The dreaded MySQL import encoding issue - revisited

11,312

Solution 1

This is how I ended up solving my problem:

First mysqldump -uusername -ppassword --default-character-set=latin1 database -r dump.sql

Then run this script:

$search = array('/latin1/');
$replace = array('utf8');
foreach (range(128, 255) as $dec) {
    $search[] = "/\x".dechex($dec)."/";
    $replace[] = "&#$dec;";
}

$input = fopen('dump.sql', 'r');
$output = fopen('result.sql', 'w');

while (!feof($input)) {
    $line = fgets($input);
    $line = preg_replace($search, $replace, $line);
    fwrite($output, $line);
}

fclose($input);
fclose($output);

The script finds all the hex characters above 127 and encoded them into their HTML entities.

Then mysql -uusername -ppassword database < result.sql

Solution 2

A common problem with older WordPress databases and even newer ones is that the database tables get set as latin-1 but the contents are actually encoded as UTF-8. If you try to export as UTF-8 MySQL will attempt to convert the (supposedly) Latin-1 data to UTF-8 resulting in double encoded characters since the data was already UTF-8.

The solution is to export the tables as latin-1. Since MySQL thinks they are already latin-1 it will do a straight export.

Change the character set from ‘latin1′ to ‘utf8′. Since the dumped data was not converted during the export process, it’s actually UTF-8 encoded data.

Create your new table as UTF-8 If your CREATE TABLE command is in your SQL dump file, change the character set from ‘latin1′ to ‘utf8′.

Import your data normally.

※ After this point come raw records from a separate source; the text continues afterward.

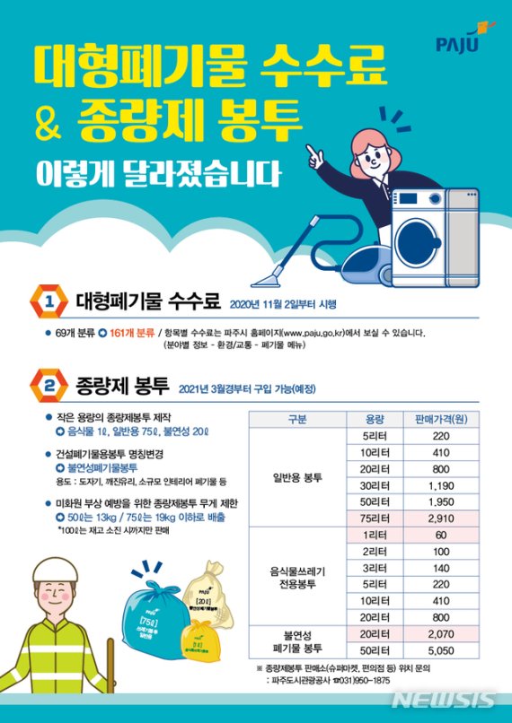 파주시 관계자는 “새로운 규격의 종량제 봉투는 제작기간을 거쳐 내년 3월께부터 시중에 유통될 것”이라고 말했다.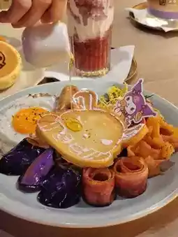 Gathered with friends at this coffee & pancake shop, of course, because they are having a limited-time collaboration with Kuromi until December 31st. The restaurant's decor and food are all themed around Kuromi and Baku, perfect for fans to take photos and get likes. The Central branch is even the flagship store for this collaboration.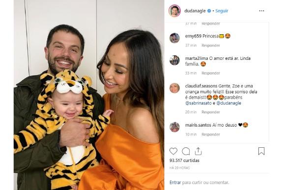 Na foto, o ator aparece ao lado da esposa, Sabrina Sato, com a bebê no colo. Zoe aparece com um sorriso largo usando um macacão de animal. “Que tigresa mais linda! Amo muito minha família”, escreveu o pai na legenda.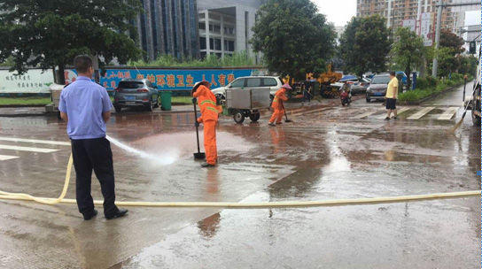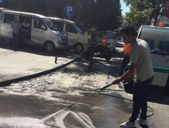 ▲對重點(diǎn)交易市場、政府廣場周邊清洗作業(yè)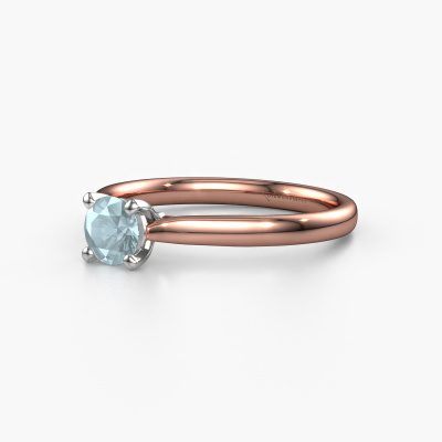 The ring shown above is called the Mignon rnd 1, we call this a solitaire ring because it contains a single gemstone. The engagement ring is made in 14 Carat rose gold and has a round aquamarine of 5 mm. The cool thing about our configurator is that you can compile your own piece of jewellery, into a completely personalized one. This solitaire ring is crafted in the precious metals rose gold with white gold, but of course you are free to pick your own colours. Each piece of jewellery is made with passion and love by one of our master goldsmiths.The solitaire ring is a special type of engagement ring. Its open prong setting allows light to strike the gemstone from various angles. This classic engagement ring is a stunning eye-catcher because of the high positioning of the gemstone. In order for you to commemorate your proposal with a unique ring, we carefully adorn this solitaire ring by hand. The love of your life deserves nothing but the best. After receiving your order, our goldsmiths will passionately start the creative process of making your engagement ring in our own studio. Because we don't have a big stockpile, these costs will not be passed on to you. Our pricing is proof of that! We offer top quality jewels at lowest price, guaranteed.Have you found a specific engagement ring somewhere which you would like to give to your loved one? Please feel free to express your wishes to our jewel designers because we would be honoured to turn your design into a classic engagement ring. You can follow the development of your ring design because we use 3D drawings. This gives you a realistic preview of how your design will look. You can also preorder a dummy. A dummy is a plastic ring, which can be shaped according your ring design. You can try it on and check if its width and size are suitable for you. We will gladly send you a non-binding offer, based on a fair price/ quality ratio. It will amaze you, considering the quality of the ring and gemstones.To make it easier for you, we offer a 30 day return policy. Check our terms and conditions.
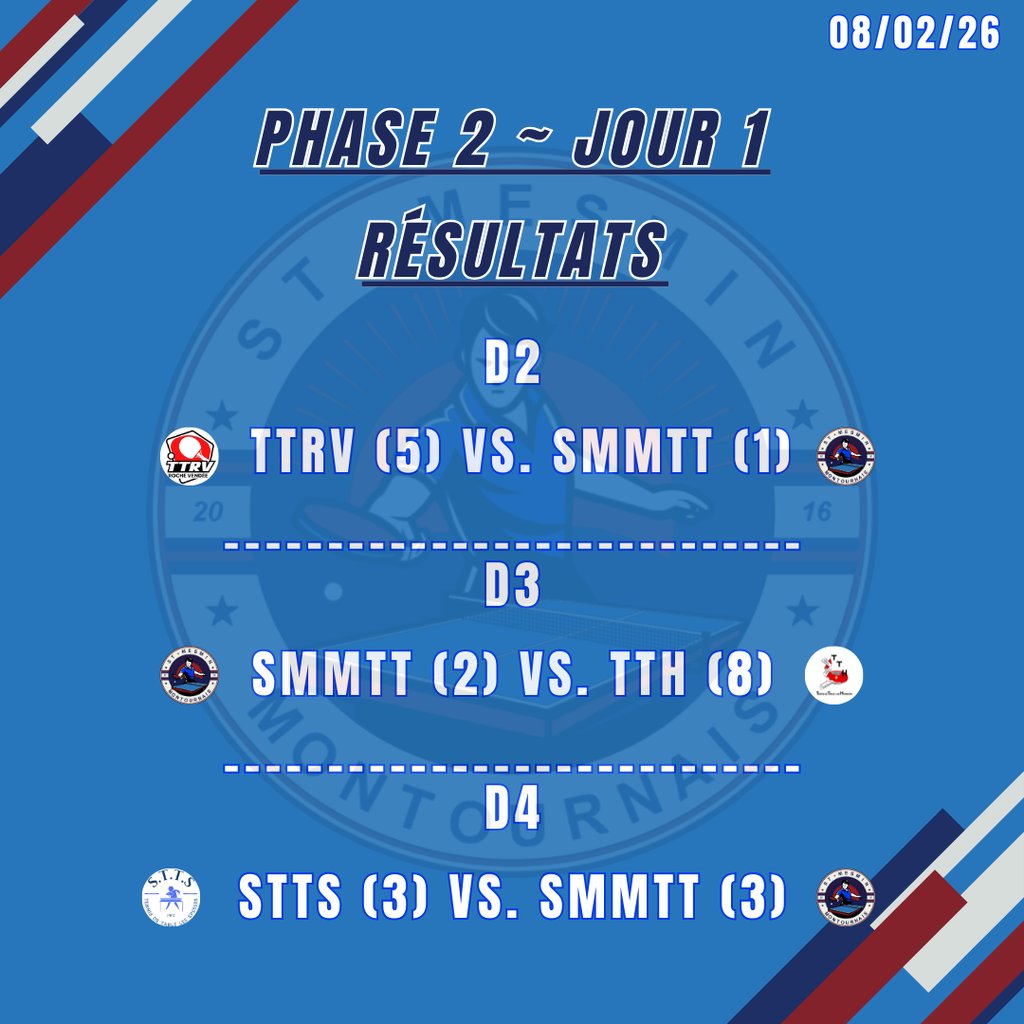 Publié le jeudi 12 février 2026 - Saint-Mesmin - Montournais Tennis de Table

Since you’ve got UTF-8 encoded data in your dump file, the declared character set in the dump file is now UTF-8, and the table you’re importing into is UTF-8, everything will go smoothly

Solution 3

I was able to resolve this issue by modifying my wp-config.php as follows:

/** Database Charset to use in creating database tables. */
define('DB_CHARSET', 'utf8');

/** The Database Collate type. Don't change this if in doubt. */
define( 'DB_COLLATE', 'utf8_general_ci' );
Share:
11,312
Matt
Author by

Matt

Updated on July 03, 2022

Comments

  • Matt
    Matt almost 2 years

    I'm having the standard MySQL import encoding issue, but I can't seem to solve it.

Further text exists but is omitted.